Moshe Wasserblat, Intel
Moshe Wasserblat is the Natural Language Processing and Deep Learning Research Group manager for Intel’s Artificial Intelligence Products Group. Previously, he was with NICE Systems for more than 17 years, where he founded and led the speech and text analytics research team. His interests are in the field of speech processing and natural language processing. He was the co-founder and coordinator of the EXCITEMENT FP7 ICT program, has filed more than 60 patents in the field of language technology and has several publications in international conferences and journals.
Weakly-Supervised Aspect-Based Sentiment Extraction
Aspect Based Sentiment Analysis (ABSA) is the task of extracting aspect terms and their related sentiment polarity.
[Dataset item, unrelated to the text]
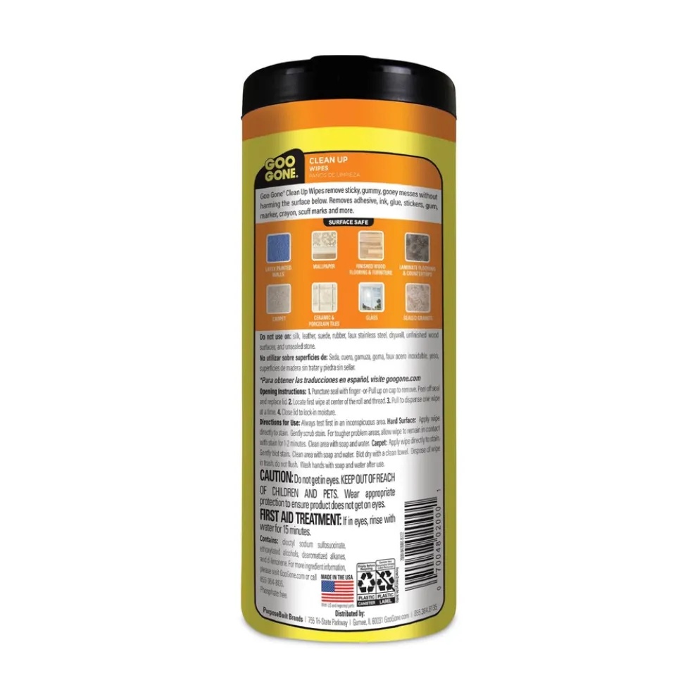 Harness the cleaning power of Goo Gone in a convenient wipe. Eliminate your sticky, gooey, gummy problems without harming your surface. The gentle, non-abrasive formula is safe for daily use. Safe for use on latex painted walls, wallpaper, wood flooring and furniture, laminate flooring and countertops, carpet, ceramic tile, glass, stainless steel and granite. Tough task wipes are recommended for cleaning scuff marks, masking tape residue, ink spills, paint tree sap, stickers, gum, glue, markers and crayon. Ideal for quick clean-ups, with an easy to take on-the-go canister. Citrus powered cleansing wipes get the job done without damage.

This fine-grained trait of ABSA makes it an effective application for organizations to monitor the ratio of positive to negative sentiment expressed towards specific aspects of a product or service, and extract valuable targeted insight to understand customer opinions on products and services, enabling the ability to react accordingly.
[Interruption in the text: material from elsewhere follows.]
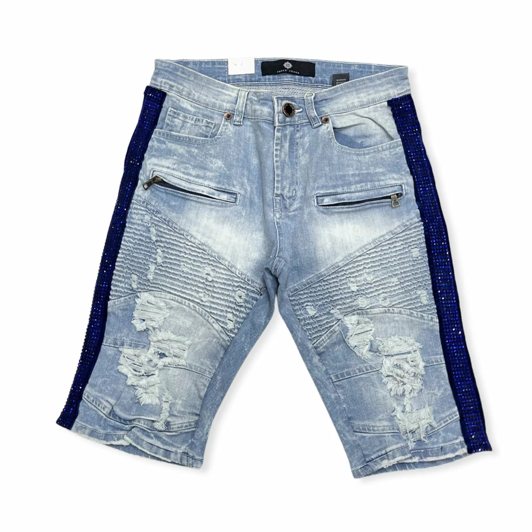 Focus (light Blue /Royal Blue Cut Biker Crystal Stripe Short)

However, the deployment of ABSA applications in commercial environments faces major challenges – from scaling across different domains to improving focused learning from a small set of examples.
In this session, we will present ABSApp, a portable system for weakly-supervised aspect-based sentiment extraction. The system is interpretable and user-friendly and does not require labeled training data, hence can be rapidly and cost-effectively used across different domains in applied setups.
ABSApp has been successfully used in a number of real-life use cases, among them movie review analysis and convention impact analysis, and is offered by MS to demonstrate best NLP practices using Azure.